Publisher: The Johns Hopkins University Press
Date: February 28, 1940



To Walter Hoving1

February 28, 1940 [Washington, D.C.]

My dear Mr. Hoving:

I did not see you as I left the Salvation Army dinner the other night, and I want you to know I appreciated the courtesy of your reception and your kind references to me. It was a genuine pleasure for me to do whatever small things were within my power to assist Evangeline Booth and her Army. I feel that their position is unique in such matters and their procedure has been without blemish or the possibility of criticism.

I hope very much that you will be successful in your campaign for funds.

Faithfully yours,

Document Copy Text Source: George C. Marshall Papers, Pentagon Office Collection, General Materials, George C. Marshall Research Library, Lexington, Virginia.

Document Format: Typed letter.

1. Hoving was chairman of the Salvation Army’s fund raising drive as well as president and chairman of the board of Lord and Taylor department store in New York City.

Recommended Citation: ThePapers of George Catlett Marshall, ed.Larry I. Bland, Sharon Ritenour Stevens, and Clarence E. Wunderlin, Jr.(Lexington, Va.: The George C. Marshall Foundation, 1981- ). Electronic version based on The Papers of George Catlett Marshall, vol. 2, “We Cannot Delay,” July 1, 1939-December 6, 1941 (Baltimore and London: The Johns Hopkins University Press, 1986), pp. 173-174.

#2-137

To General Asa L. Singleton

February 28, 1940 [Washington, D.C.]

Dear Singleton:

In my various trips I have been following up delays that have resulted in the War Department towards the supplying of troops in the field. There have been many that came about through the functioning of depots, and we are obtaining valuable information about the inevitable delays that would result in the event of mobilization, particularly as to supplying of the various items of a single equipment where they are not stored in the same place.

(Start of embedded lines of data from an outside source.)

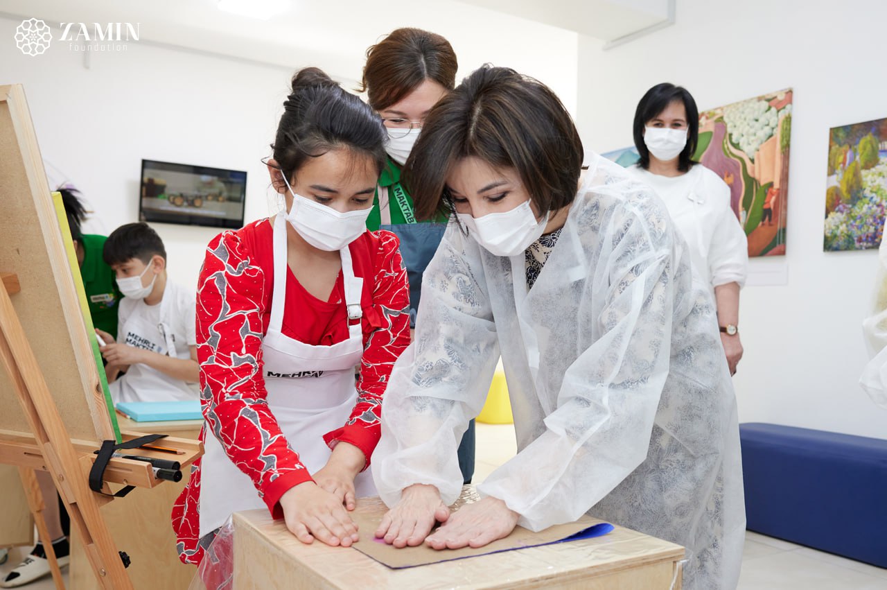 Председатель Попечительского совета Фонда Zamin отметила благоприятную образовательную среду Mehrli maktab, тепло пообщалась с ребятами и искренне поблагодарила педагогов, участвуя в развивающих адаптационных занятиях с учениками.
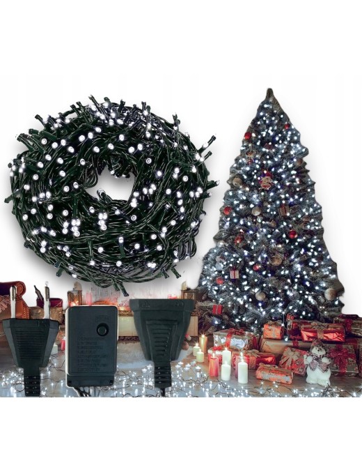 LAMPKI ŚWIATEŁKA NA CHOINKĘ WEWNĘTRZNE 21 m 201 - 300LED ZIMNE BIAŁE MOCNE
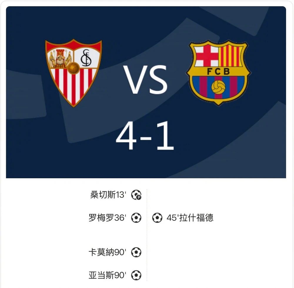 易边再战,第74分钟,巴萨获得点球机会,但莱万主罚偏出球门,错失扳平比分的良机。第90分钟,何塞·安赫尔禁区右侧低射破门,塞维利亚3比1领先。补时阶段,阿科·亚当斯推射破门,将比分锁定为4比1。

However, there are other delays that have been checked up as a result of my various trips, and one of them occurs at Benning. I do not want to move into official channels for this, but I do want to follow every one to its source. The question of this particular delay resulted from my pressure as to the supplying of equipment to newly organized units, and it pertains to engineer equipment for field artillery of the First Division. One delay was of eighteen days at Fort Benning, according to dates on requisition of November 10, 1939 from the Field Artillery Section, First Division. Whether this delay occurred in the Division or in the office of the post engineer officer at Fort Benning, or between the two of them, the records do not show, but there was an eighteen-day delay in clearing a paper which had for its purpose the prompt supplying of materiel to troops in the field.1

Incidentally, I find that Corps Area Headquarters, or the young Engineer officer, imposed apparently an arbitrary cut of 50%. Altogether you can see that this is not a very helpful procedure.2

I do not want to stir up any official investigation over this, but I wish you and Short3 would talk to each other and your respective people and see just who caused this eighteen-day delay at Benning; because if this is multiplied out in general effect, it would result in an appalling delay in mobilization, and I am endeavoring to find the necessary permanent corrective measures against such procedure.

Faithfully yours,

Document Copy Text Source: George C. Marshall Papers, Pentagon Office Collection, Selected Materials, George C. Marshall Research Library, Lexington, Virginia.

Document Format: Typed letter.

1. Singleton, commandant of the Infantry School, replied in detail to Marshall’s inquiry. He submitted data to justify the eighteen-day delay necessary to process the requisitions for the First Division. Given the shortage of personnel and the increased workload, Singleton believed that the period was not excessive. (Singleton to Marshall, March 20,1940, GCMRL/G. C. Marshall Papers [Pentagon Office, Selected].)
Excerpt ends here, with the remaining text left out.